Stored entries
+ + + +

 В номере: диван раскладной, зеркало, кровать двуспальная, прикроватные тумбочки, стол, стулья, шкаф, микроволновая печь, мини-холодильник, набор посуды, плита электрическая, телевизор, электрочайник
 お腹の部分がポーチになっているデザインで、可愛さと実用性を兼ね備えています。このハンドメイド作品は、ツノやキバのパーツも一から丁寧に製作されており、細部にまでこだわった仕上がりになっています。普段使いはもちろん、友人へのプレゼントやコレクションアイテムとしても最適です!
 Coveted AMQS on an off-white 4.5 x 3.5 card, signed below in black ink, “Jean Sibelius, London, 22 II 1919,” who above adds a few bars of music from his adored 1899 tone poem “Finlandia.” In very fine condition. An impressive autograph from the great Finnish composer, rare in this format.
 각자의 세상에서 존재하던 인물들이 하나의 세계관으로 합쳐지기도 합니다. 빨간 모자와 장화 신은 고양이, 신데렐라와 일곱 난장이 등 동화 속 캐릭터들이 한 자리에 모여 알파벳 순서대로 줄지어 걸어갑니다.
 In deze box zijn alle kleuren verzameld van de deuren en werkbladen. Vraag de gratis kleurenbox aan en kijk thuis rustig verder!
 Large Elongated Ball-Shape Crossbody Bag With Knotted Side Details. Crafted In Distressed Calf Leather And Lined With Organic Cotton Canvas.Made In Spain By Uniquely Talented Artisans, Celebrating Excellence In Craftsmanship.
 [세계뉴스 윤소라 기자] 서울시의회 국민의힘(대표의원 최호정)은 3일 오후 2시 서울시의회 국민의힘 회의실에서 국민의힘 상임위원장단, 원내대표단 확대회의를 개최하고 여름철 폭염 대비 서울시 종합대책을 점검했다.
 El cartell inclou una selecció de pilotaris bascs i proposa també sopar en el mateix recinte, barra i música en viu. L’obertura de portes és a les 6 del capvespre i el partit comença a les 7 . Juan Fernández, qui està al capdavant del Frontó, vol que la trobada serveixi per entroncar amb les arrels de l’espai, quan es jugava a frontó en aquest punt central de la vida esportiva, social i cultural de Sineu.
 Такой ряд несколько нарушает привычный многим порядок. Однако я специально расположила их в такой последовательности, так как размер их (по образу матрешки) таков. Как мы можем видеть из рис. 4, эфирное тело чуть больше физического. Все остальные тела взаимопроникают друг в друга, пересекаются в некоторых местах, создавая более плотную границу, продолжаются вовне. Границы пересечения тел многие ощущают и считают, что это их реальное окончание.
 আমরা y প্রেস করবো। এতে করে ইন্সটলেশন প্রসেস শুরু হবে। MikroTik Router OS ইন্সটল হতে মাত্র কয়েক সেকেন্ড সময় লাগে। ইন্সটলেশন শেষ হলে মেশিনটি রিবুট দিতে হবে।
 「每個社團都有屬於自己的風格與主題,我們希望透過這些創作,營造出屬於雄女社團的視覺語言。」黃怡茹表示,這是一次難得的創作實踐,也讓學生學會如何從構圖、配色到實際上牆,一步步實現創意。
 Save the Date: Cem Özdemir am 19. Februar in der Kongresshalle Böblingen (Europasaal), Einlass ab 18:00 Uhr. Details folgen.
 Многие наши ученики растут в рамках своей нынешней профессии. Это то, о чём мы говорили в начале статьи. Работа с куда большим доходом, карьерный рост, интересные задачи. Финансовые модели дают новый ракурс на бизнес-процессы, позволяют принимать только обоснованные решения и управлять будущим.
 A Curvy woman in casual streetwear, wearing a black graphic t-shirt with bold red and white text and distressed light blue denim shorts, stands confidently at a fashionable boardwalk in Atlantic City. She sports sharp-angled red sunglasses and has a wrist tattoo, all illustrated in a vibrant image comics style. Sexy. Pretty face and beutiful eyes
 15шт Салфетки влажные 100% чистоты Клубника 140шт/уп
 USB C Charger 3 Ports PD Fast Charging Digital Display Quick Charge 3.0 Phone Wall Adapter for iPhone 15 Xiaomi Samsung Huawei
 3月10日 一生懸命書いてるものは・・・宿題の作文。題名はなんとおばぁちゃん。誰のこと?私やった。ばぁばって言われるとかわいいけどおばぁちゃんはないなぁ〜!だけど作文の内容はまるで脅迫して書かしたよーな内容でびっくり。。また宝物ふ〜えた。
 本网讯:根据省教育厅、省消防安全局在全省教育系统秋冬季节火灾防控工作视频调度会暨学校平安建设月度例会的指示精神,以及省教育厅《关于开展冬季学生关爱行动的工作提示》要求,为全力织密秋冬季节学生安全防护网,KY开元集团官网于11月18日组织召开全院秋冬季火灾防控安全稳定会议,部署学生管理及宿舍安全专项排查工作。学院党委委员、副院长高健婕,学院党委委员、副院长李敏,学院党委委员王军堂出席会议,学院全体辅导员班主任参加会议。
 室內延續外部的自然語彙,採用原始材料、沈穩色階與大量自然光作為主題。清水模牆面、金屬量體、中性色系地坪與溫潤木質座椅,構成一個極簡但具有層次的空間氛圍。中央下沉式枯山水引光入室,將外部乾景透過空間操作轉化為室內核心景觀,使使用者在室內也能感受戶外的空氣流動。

+ + + +

▶ **Assigned task**:
Copy from the entries only those lines that hold the word "white".

▶ **Answer section**:
 Coveted AMQS on an off-white 4.5 x 3.5 card, signed below in black ink, “Jean Sibelius, London, 22 II 1919,” who above adds a few bars of music from his adored 1899 tone poem “Finlandia.” In very fine condition. An impressive autograph from the great Finnish composer, rare in this format.
 A Curvy woman in casual streetwear, wearing a black graphic t-shirt with bold red and white text and distressed light blue denim shorts, stands confidently at a fashionable boardwalk in Atlantic City. She sports sharp-angled red sunglasses and has a wrist tattoo, all illustrated in a vibrant image comics style. Sexy. Pretty face and beutiful eyes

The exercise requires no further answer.